● Records for the exercise:

───

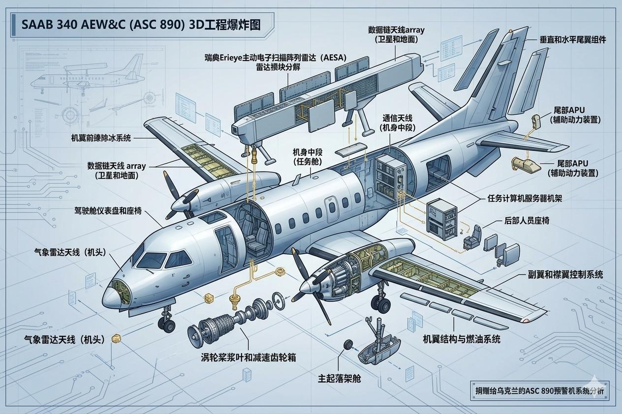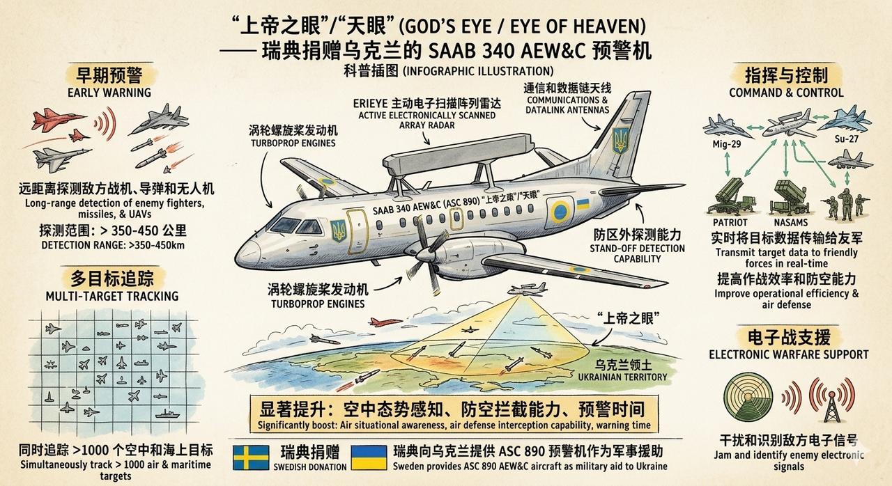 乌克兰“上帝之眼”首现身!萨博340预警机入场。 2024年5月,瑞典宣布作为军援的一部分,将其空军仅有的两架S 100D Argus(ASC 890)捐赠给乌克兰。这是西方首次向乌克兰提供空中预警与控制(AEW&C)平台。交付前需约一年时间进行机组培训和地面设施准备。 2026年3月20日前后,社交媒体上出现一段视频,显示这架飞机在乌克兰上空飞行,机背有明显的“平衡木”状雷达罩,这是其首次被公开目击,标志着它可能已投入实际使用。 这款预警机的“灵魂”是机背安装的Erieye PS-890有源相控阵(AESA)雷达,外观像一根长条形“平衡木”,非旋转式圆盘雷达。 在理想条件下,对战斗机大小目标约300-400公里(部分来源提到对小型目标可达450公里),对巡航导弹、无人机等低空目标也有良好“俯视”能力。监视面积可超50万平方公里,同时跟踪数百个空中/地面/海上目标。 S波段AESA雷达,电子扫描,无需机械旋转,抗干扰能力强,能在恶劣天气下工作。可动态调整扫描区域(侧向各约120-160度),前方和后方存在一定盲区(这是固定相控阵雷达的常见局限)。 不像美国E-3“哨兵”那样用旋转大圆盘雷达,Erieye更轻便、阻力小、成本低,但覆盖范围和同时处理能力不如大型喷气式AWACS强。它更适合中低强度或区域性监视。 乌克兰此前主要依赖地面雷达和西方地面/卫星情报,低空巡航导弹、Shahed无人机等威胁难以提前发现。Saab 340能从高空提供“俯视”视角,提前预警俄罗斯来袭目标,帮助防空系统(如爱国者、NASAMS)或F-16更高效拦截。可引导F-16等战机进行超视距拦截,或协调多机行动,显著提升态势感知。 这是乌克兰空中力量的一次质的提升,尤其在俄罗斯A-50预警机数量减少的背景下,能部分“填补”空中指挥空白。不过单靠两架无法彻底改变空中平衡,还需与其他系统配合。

───

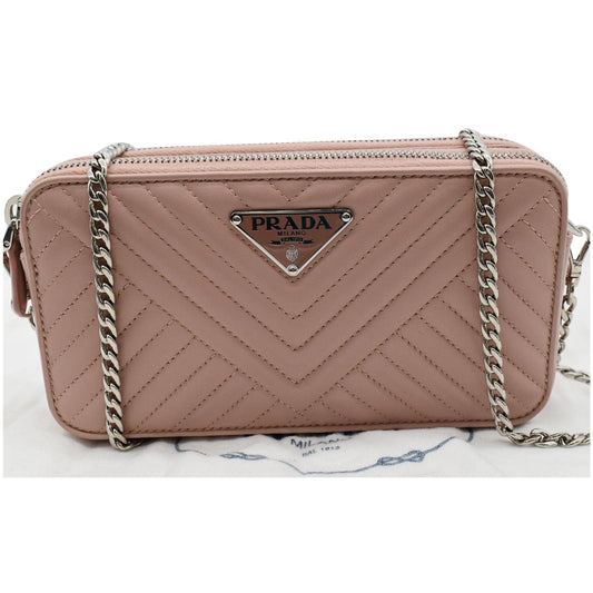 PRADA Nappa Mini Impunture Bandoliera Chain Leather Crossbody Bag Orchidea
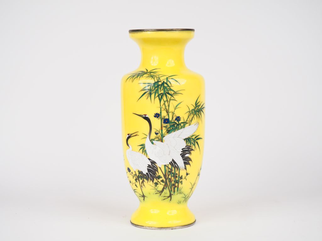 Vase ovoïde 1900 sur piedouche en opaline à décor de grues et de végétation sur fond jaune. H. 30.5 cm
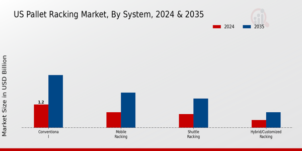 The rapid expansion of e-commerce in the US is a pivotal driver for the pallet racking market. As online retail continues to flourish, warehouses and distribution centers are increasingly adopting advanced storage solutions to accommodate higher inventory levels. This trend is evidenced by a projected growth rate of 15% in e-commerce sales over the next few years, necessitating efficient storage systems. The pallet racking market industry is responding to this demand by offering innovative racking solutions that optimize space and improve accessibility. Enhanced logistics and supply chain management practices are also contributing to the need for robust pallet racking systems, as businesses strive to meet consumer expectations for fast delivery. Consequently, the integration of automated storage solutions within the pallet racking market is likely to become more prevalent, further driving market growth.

───

● Task goal: Give the lines above again exactly, from the one containing "Vase ovoïde 1900" to the one containing "The rapid expansion", both included, but leave out the pictures.

● Result of the task:
 Vase ovoïde 1900 sur piedouche en opaline à décor de grues et de végétation sur fond jaune. H. 30.5 cm
 The rapid expansion of e-commerce in the US is a pivotal driver for the pallet racking market. As online retail continues to flourish, warehouses and distribution centers are increasingly adopting advanced storage solutions to accommodate higher inventory levels. This trend is evidenced by a projected growth rate of 15% in e-commerce sales over the next few years, necessitating efficient storage systems. The pallet racking market industry is responding to this demand by offering innovative racking solutions that optimize space and improve accessibility. Enhanced logistics and supply chain management practices are also contributing to the need for robust pallet racking systems, as businesses strive to meet consumer expectations for fast delivery. Consequently, the integration of automated storage solutions within the pallet racking market is likely to become more prevalent, further driving market growth.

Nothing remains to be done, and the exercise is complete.